* **Material provided**:
§
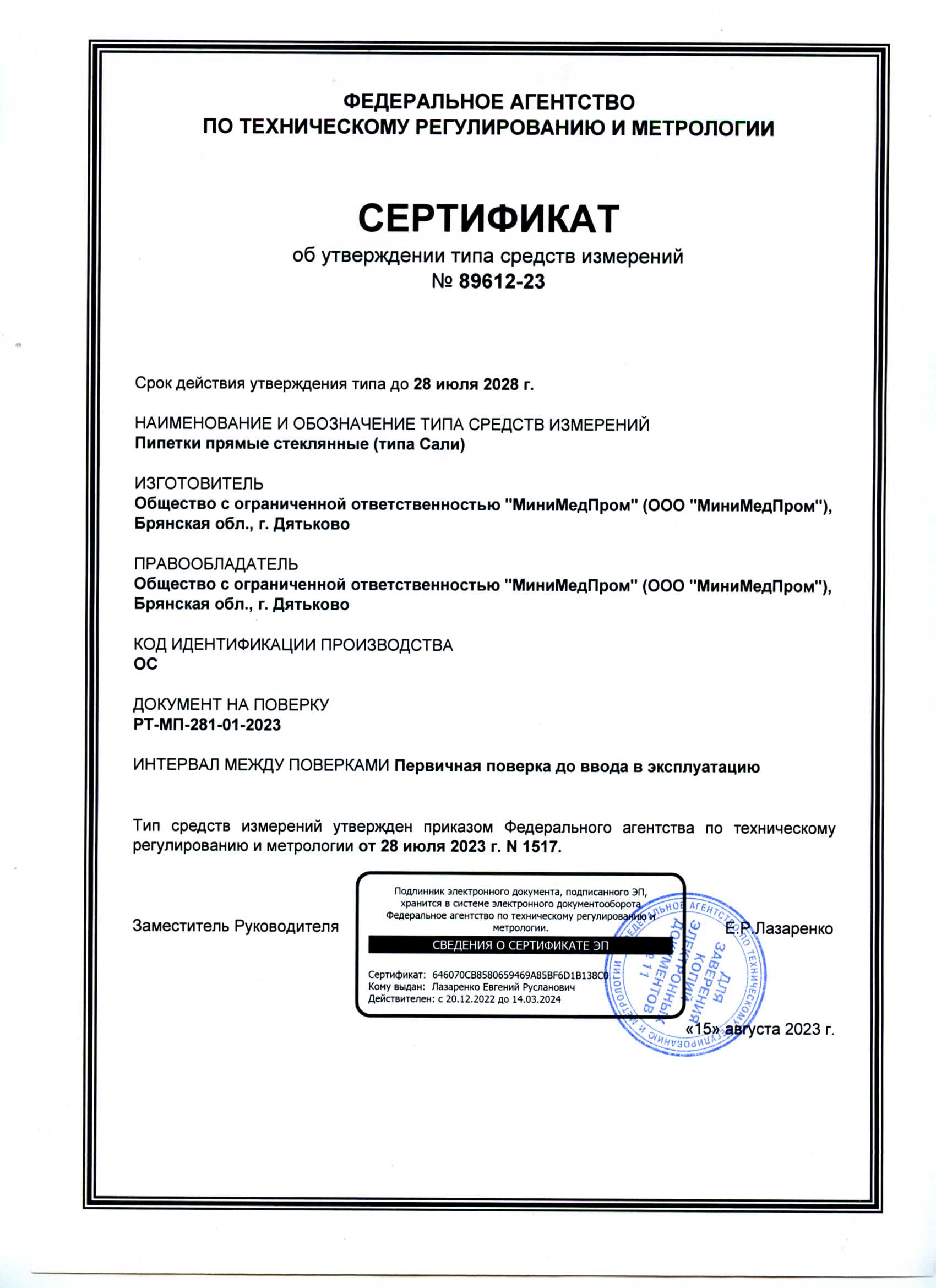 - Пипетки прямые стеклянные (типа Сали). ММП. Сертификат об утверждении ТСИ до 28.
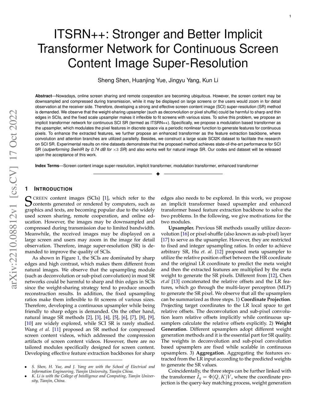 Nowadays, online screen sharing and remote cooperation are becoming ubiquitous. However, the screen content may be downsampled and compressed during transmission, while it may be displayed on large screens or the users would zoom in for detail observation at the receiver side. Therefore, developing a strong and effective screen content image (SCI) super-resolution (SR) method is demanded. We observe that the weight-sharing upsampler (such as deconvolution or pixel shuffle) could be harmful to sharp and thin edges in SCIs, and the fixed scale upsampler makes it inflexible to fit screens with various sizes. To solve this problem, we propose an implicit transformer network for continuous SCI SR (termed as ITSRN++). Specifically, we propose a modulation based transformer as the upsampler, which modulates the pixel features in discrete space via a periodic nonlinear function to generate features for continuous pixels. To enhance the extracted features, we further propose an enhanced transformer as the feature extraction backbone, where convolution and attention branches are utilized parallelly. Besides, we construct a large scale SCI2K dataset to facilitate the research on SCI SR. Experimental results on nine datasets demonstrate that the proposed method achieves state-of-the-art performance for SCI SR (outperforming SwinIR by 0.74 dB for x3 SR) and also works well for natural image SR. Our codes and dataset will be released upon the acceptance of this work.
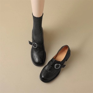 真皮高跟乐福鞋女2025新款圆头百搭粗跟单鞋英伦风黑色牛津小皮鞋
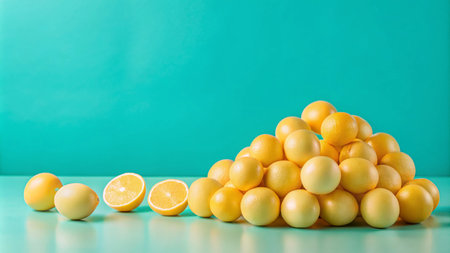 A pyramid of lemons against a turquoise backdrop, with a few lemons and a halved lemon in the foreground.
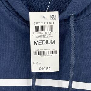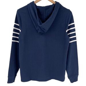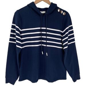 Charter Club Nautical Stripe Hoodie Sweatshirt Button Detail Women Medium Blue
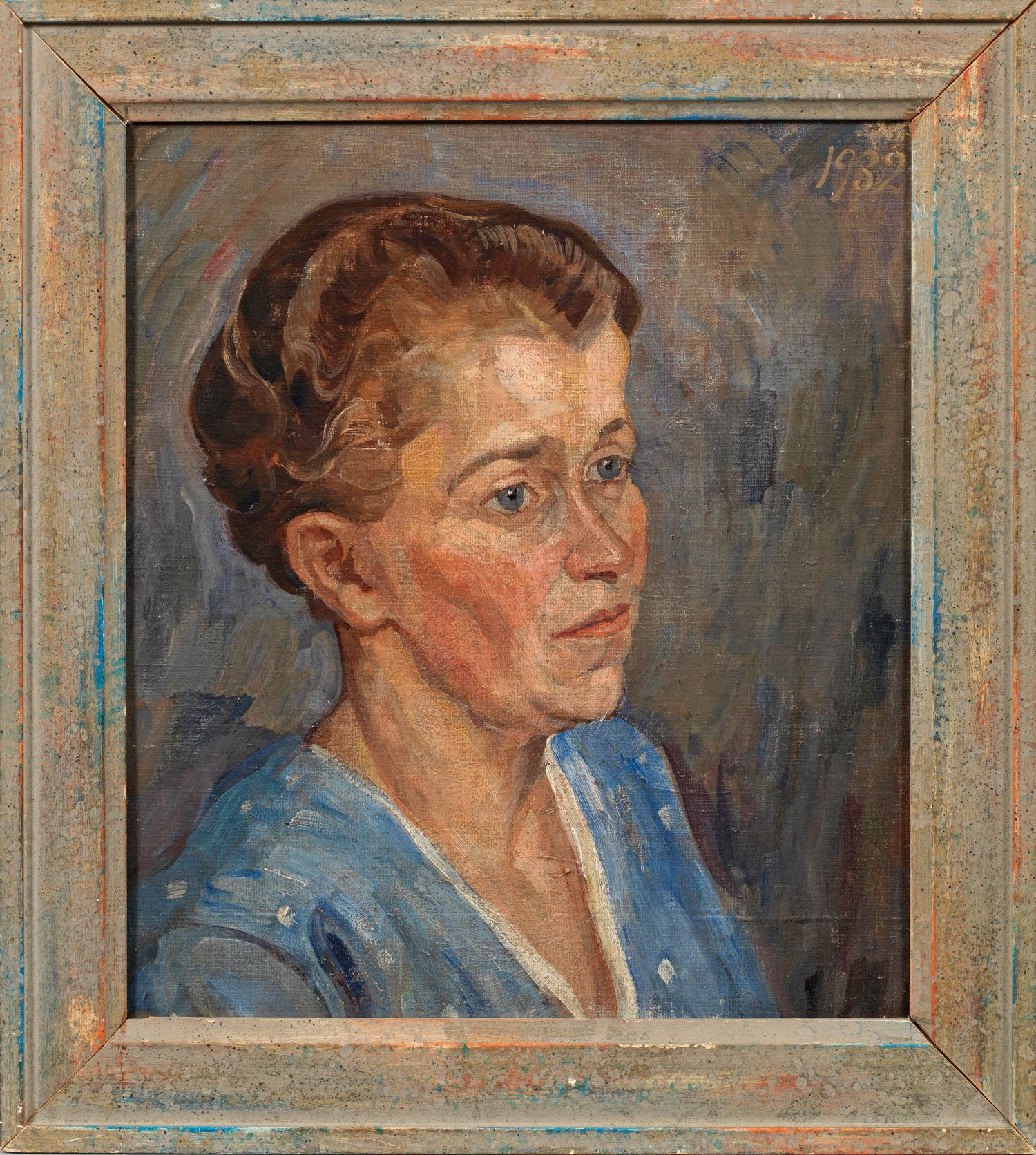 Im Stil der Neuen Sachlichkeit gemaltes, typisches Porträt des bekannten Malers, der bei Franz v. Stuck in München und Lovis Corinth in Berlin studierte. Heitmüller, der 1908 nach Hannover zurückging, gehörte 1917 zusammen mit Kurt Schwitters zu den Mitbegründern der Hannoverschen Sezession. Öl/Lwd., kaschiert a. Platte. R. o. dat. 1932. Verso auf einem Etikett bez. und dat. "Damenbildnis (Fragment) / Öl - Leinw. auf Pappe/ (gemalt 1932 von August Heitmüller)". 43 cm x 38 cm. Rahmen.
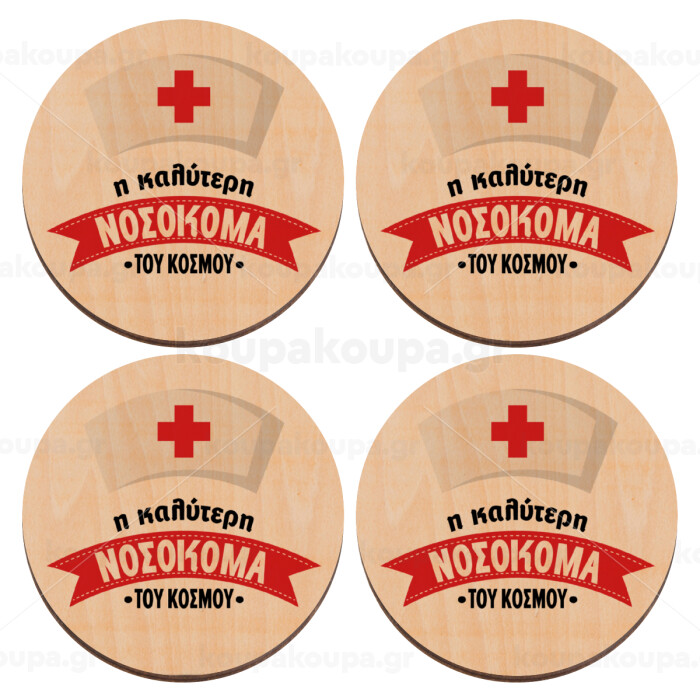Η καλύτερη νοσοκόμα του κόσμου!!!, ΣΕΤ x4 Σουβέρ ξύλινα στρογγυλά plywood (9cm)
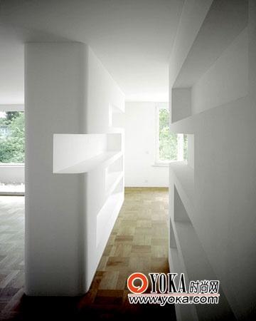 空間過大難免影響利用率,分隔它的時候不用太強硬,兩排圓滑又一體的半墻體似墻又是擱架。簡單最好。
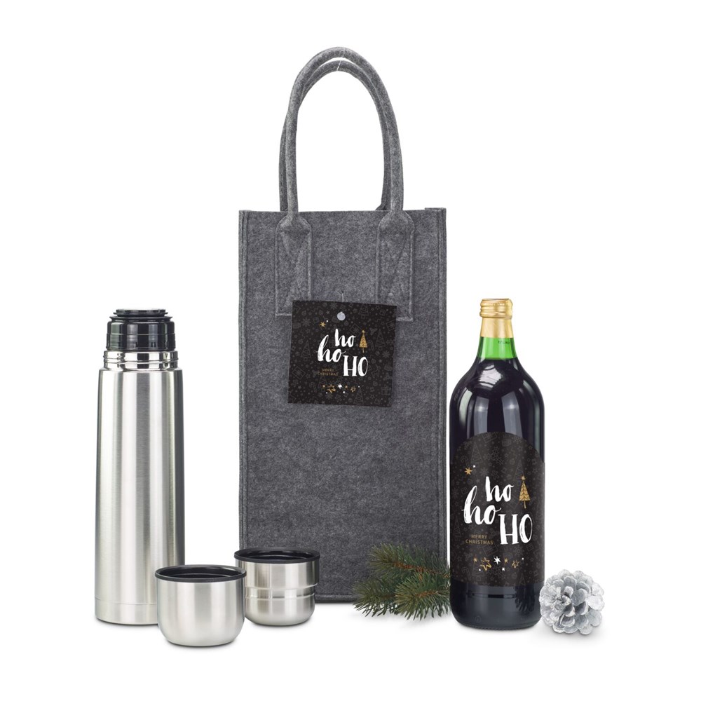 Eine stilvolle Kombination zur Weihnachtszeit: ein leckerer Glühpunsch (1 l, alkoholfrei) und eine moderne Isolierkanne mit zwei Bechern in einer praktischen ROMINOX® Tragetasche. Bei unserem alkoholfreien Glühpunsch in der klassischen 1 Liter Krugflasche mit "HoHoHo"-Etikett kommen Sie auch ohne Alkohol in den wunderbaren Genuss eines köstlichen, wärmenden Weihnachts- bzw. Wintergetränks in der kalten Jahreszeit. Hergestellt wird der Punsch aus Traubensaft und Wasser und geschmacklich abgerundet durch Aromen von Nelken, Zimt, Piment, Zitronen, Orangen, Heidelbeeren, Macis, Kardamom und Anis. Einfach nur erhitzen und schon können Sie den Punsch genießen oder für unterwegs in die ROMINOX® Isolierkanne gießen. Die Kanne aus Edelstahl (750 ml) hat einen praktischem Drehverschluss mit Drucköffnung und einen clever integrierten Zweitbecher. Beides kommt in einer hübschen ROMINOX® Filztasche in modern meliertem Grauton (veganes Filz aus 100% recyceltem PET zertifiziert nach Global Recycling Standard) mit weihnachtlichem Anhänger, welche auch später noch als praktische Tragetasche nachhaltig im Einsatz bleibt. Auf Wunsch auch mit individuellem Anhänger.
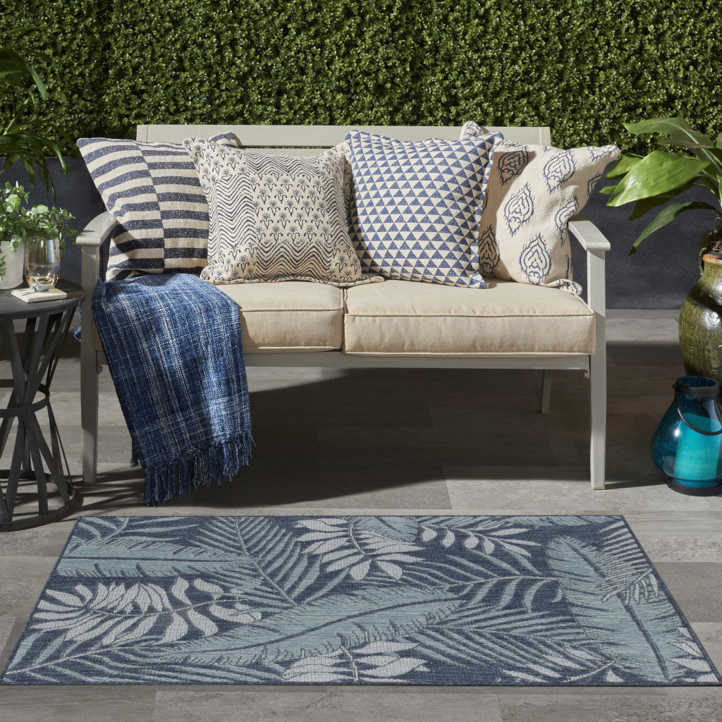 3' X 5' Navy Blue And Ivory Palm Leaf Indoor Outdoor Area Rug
§
* **What is being asked**: Leave the pictures out and output all of the data verbatim.

* **Output for this task**:
 - Пипетки прямые стеклянные (типа Сали). ММП. Сертификат об утверждении ТСИ до 28.
 Nowadays, online screen sharing and remote cooperation are becoming ubiquitous. However, the screen content may be downsampled and compressed during transmission, while it may be displayed on large screens or the users would zoom in for detail observation at the receiver side. Therefore, developing a strong and effective screen content image (SCI) super-resolution (SR) method is demanded. We observe that the weight-sharing upsampler (such as deconvolution or pixel shuffle) could be harmful to sharp and thin edges in SCIs, and the fixed scale upsampler makes it inflexible to fit screens with various sizes. To solve this problem, we propose an implicit transformer network for continuous SCI SR (termed as ITSRN++). Specifically, we propose a modulation based transformer as the upsampler, which modulates the pixel features in discrete space via a periodic nonlinear function to generate features for continuous pixels. To enhance the extracted features, we further propose an enhanced transformer as the feature extraction backbone, where convolution and attention branches are utilized parallelly. Besides, we construct a large scale SCI2K dataset to facilitate the research on SCI SR. Experimental results on nine datasets demonstrate that the proposed method achieves state-of-the-art performance for SCI SR (outperforming SwinIR by 0.74 dB for x3 SR) and also works well for natural image SR. Our codes and dataset will be released upon the acceptance of this work.
 真皮高跟乐福鞋女2025新款圆头百搭粗跟单鞋英伦风黑色牛津小皮鞋
 A pyramid of lemons against a turquoise backdrop, with a few lemons and a halved lemon in the foreground.
 Charter Club Nautical Stripe Hoodie Sweatshirt Button Detail Women Medium Blue
 Im Stil der Neuen Sachlichkeit gemaltes, typisches Porträt des bekannten Malers, der bei Franz v. Stuck in München und Lovis Corinth in Berlin studierte. Heitmüller, der 1908 nach Hannover zurückging, gehörte 1917 zusammen mit Kurt Schwitters zu den Mitbegründern der Hannoverschen Sezession. Öl/Lwd., kaschiert a. Platte. R. o. dat. 1932. Verso auf einem Etikett bez. und dat. "Damenbildnis (Fragment) / Öl - Leinw. auf Pappe/ (gemalt 1932 von August Heitmüller)". 43 cm x 38 cm. Rahmen.
Η καλύτερη νοσοκόμα του κόσμου!!!, ΣΕΤ x4 Σουβέρ ξύλινα στρογγυλά plywood (9cm)
 空間過大難免影響利用率,分隔它的時候不用太強硬,兩排圓滑又一體的半墻體似墻又是擱架。簡單最好。
 Eine stilvolle Kombination zur Weihnachtszeit: ein leckerer Glühpunsch (1 l, alkoholfrei) und eine moderne Isolierkanne mit zwei Bechern in einer praktischen ROMINOX® Tragetasche. Bei unserem alkoholfreien Glühpunsch in der klassischen 1 Liter Krugflasche mit "HoHoHo"-Etikett kommen Sie auch ohne Alkohol in den wunderbaren Genuss eines köstlichen, wärmenden Weihnachts- bzw. Wintergetränks in der kalten Jahreszeit. Hergestellt wird der Punsch aus Traubensaft und Wasser und geschmacklich abgerundet durch Aromen von Nelken, Zimt, Piment, Zitronen, Orangen, Heidelbeeren, Macis, Kardamom und Anis. Einfach nur erhitzen und schon können Sie den Punsch genießen oder für unterwegs in die ROMINOX® Isolierkanne gießen. Die Kanne aus Edelstahl (750 ml) hat einen praktischem Drehverschluss mit Drucköffnung und einen clever integrierten Zweitbecher. Beides kommt in einer hübschen ROMINOX® Filztasche in modern meliertem Grauton (veganes Filz aus 100% recyceltem PET zertifiziert nach Global Recycling Standard) mit weihnachtlichem Anhänger, welche auch später noch als praktische Tragetasche nachhaltig im Einsatz bleibt. Auf Wunsch auch mit individuellem Anhänger.
 3' X 5' Navy Blue And Ivory Palm Leaf Indoor Outdoor Area Rug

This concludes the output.